When I was first looking into Linux I asked the only friend I knew who used it and he unironically recommended me Arch…
A year later I actually gave Arch a try, but by then he apparently hated Arch and switched to Gentoo and I stopped asking him for advice at that point.
I have been using Arch for a half a decade at this point and its worked out well for me. I like how its very stable despite being bleeding edge (relatively speaking). It’s made gaming a lot easier, and I was pleasantly surprised when Valve announced SteamOS was switching to it as a base.
A lot of people have varying levels of purism when it comes to linux, and it sounds like your friend dipped his toes in with Arch and realized “not pure enough” and then jumped in on the deep end with Gentoo. At the end of the day, Linux is Linux no matter which distro you pick, but each distro highlights different strengths and weaknesses of it. Its all about the package managers, the repository contents, and the maintainers. Occasionally, technical support might matter.
So, pick whichever distro you like, move around a bit to see what has the least papercuts for you, and then stick with that until you can’t anymore.
I switched from Arch to Gentoo, for me it’s just the next step of taking advantage of every last bit of my hardware. But unless you are seriously invested, I would never recommend Gentoo to someone. If you just want something that’s up to date, go with Fedora. If you have some spare time, go with Arch. If you have no hobbies at all, go with Gentoo.
NixOS:
Gentoo:
Gentoo obviously :
To install, easy just get this iso, with no GUI, then whip your hard drive, create partition, copy the Linux core, config your core based on the hardware technical details of every components you have and will use, compile it, add extra core drivers, compile them, add all the software you’ll use to get a GUI (Desktop environment), compile them,. Now you can finally restart without usb stick! Add all the software, configure and compile them. And for every update of every software you may check the details to be sure it doesn’t break your config.
Easy no? It just took you a month to get all the steps right!Gentoo is a little easier nowadays. It has binary packages and you can use any old Linux live CD you prefer to do the install :)
Hannah Montana Linux or Biebian
The kernel source code.
And suggest they go over it and optimize it before building.

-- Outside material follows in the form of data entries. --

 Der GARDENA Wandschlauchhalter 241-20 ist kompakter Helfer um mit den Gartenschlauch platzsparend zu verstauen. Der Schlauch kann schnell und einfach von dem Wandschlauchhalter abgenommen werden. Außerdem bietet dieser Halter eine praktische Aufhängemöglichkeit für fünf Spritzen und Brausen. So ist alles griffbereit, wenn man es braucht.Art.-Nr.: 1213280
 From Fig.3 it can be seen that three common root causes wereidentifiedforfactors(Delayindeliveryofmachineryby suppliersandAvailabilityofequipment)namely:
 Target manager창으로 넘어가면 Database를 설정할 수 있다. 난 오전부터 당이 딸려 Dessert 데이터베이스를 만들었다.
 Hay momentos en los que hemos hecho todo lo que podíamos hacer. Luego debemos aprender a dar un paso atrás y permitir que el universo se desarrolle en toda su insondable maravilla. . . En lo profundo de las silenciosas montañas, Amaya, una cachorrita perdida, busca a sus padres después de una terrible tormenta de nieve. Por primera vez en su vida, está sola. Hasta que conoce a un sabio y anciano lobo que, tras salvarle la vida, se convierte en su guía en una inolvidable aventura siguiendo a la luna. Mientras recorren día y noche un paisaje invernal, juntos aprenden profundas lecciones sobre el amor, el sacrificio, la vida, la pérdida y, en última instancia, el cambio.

Obviously Hannah Montana Linux.
I honestly don’t think Arch is that bad or complicated. It’s just that you have to go into it knowing that you’re in for some reading, tinkering and following step by step instructions along the way. I’d start with something like Mint or Ubuntu for a first look for sure. But once you’re ready to learn a bit more about how the Linux system works and is put together, Arch would straight up be my first recommendation. Even if it’s something you play with on the side in a virtual machine, for me at least, starting on Arch was when my Linux experience went from clicking at things and copy pasting commands into the terminal to still copying and pasting commands lol, but actually learning why and how and what too.
LFS
Is that a really young Brodie Robertson on the right??

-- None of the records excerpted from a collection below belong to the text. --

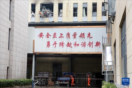1月20日,消防救援人員在處置爆炸事故現(xiàn)場。新華社發(fā)
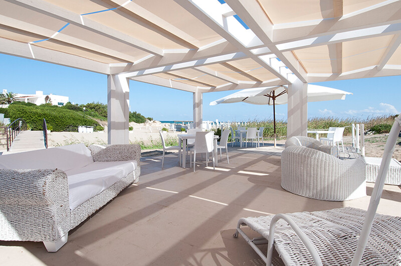 Eingebettet in eine üppige Gartenanlage im privaten Rosa Marina Quartier • 400 m zum flachabfallenden Sandstrand (kostenloses Züglein, das die Gäste hin und her fährt) • 10 km bis Ostuni
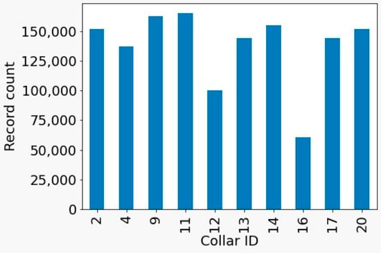 Most collars recorded the animals’ activity for more than 200 h (see Figure 1), and most records corresponded to the night period during which the animals were stabled. To standardize the analysis process, collars with fewer than 100 h of data (i.e., 1, 5, 8, 10, and 15) were excluded from analysis.
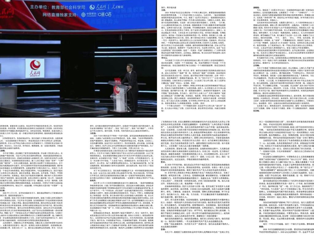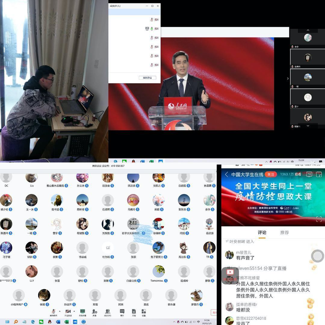 3月9日,教育部社会科学司、人民网联合举办“全国大学生同上一堂疫情防控思政大课”,由清华大学马克思主义学院艾四林教授、中国人民大学马克思主义学院秦宣教授、北京师范大学马克思主义学院王炳林教授、中央财经大学马克思主义学院冯秀军教授主讲。他们结合“马克思主义基本原理概论”“毛泽东思想和中国特色社会主义理论体系概论”“中国近现代史纲要”“思想道德修养与法律基础”四门必修课教学内容,解读以习近平同志为核心的党中央关于疫情防控的决策部署,分析中国抗疫彰显的中国共产党领导和中国特色社会主义制度的显著优势,讲述疫情防控一线的感人故事。环境学院组织全体学生通过网络媒体平台收看了直播。
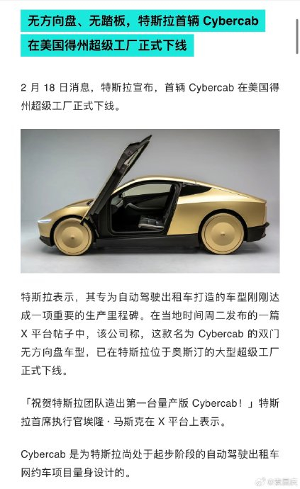 🌍 全球热点特斯拉 Robotaxi 落地:首台纯无人驾驶出租车 Cybercab 在德州工厂下线,马斯克确认 4 月开启规模化量产,正式向无人驾驶网约车转型。
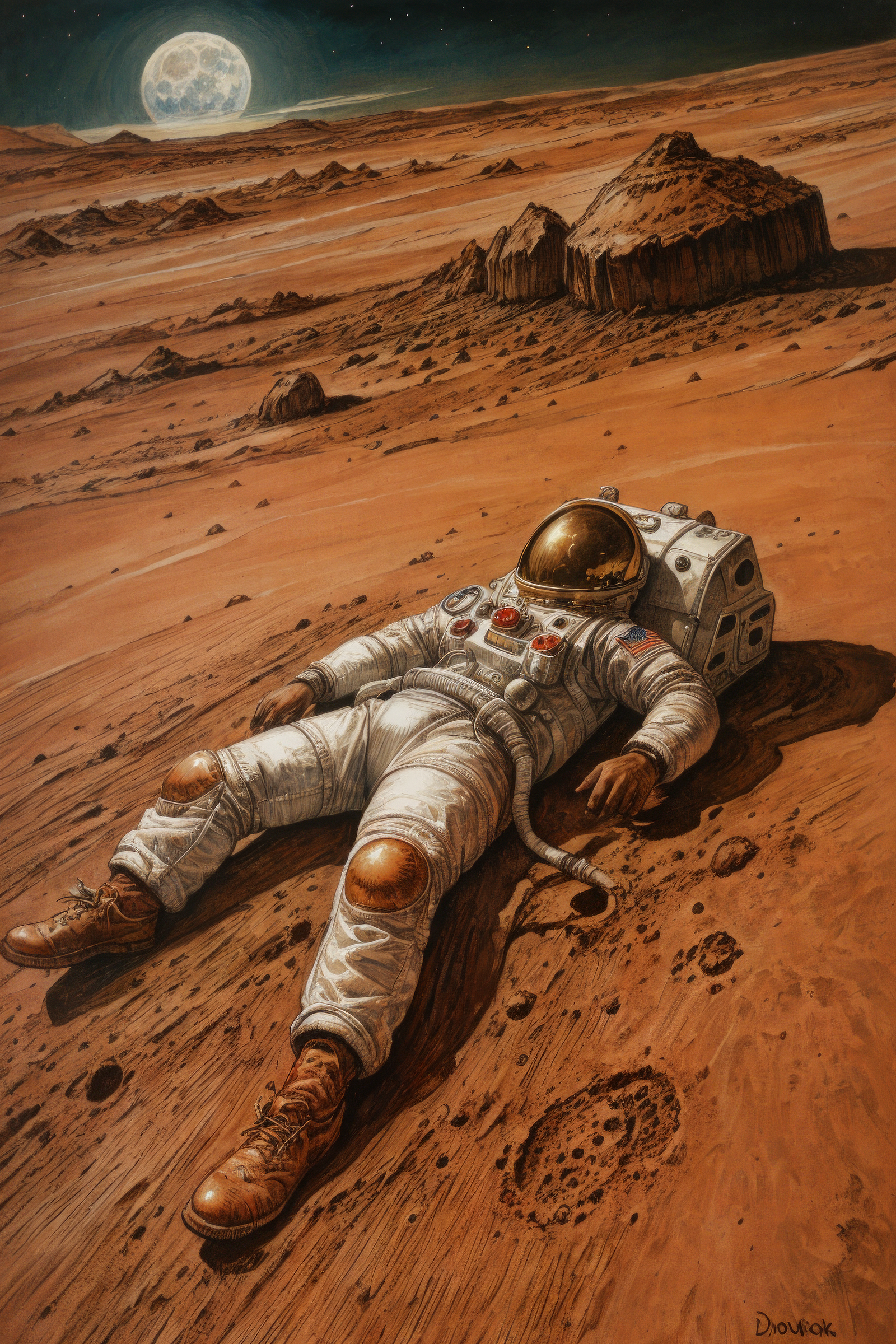 The overall tone of the series is dark, atmospheric, and dystopian, featuring post-apocalyptic landscapes and a sense of decay. Serpieri's use of lighting and shadow adds depth and mood to the scenes, contributing to the overall atmospheric and cinematic quality of the artwork.

I took picture from https://brodierobertson.xyz/ idk is this fake site or not
Arch is fine… It has good documentation.
NixOS or Gentoo is probably my pick.
Don’t run Linux, run the OG Unix. Don’t use a desktop, get a mainframe.
Who TF is scared by Mint?
Did a clean upgrade/install of Mint about 10 hours ago. I’m back to business as usual. Minor tweaks, no tinkering.
I installed mint, and my Linux knowledge (little to none) plateaued because it never breaks. I never have to fix anything. I’m the iPad kid of Linux.
How dare it work!
Great, now I’ve got the phonk walk in my head
Any BSD folk 'round here?
Yo.
Wouldn’t recommend it for novices, but I’ve just never had a better server distro, they perfected it.
As long as you have compatible hardware, it’s great. I didn’t bother researching when I built a new server and ended up switching to debian since bsd didn’t support my nic.
It’s incredible if your hardware is compatible.
Yeah, wifi is still sketchy though.
Former. Migrated to linux 20+ years ago because of…Flash support. Didn’t realize back then how quickly Flash would disappear and FreeBSD only supported it via its linux binary compatibility, which stopped working at that time.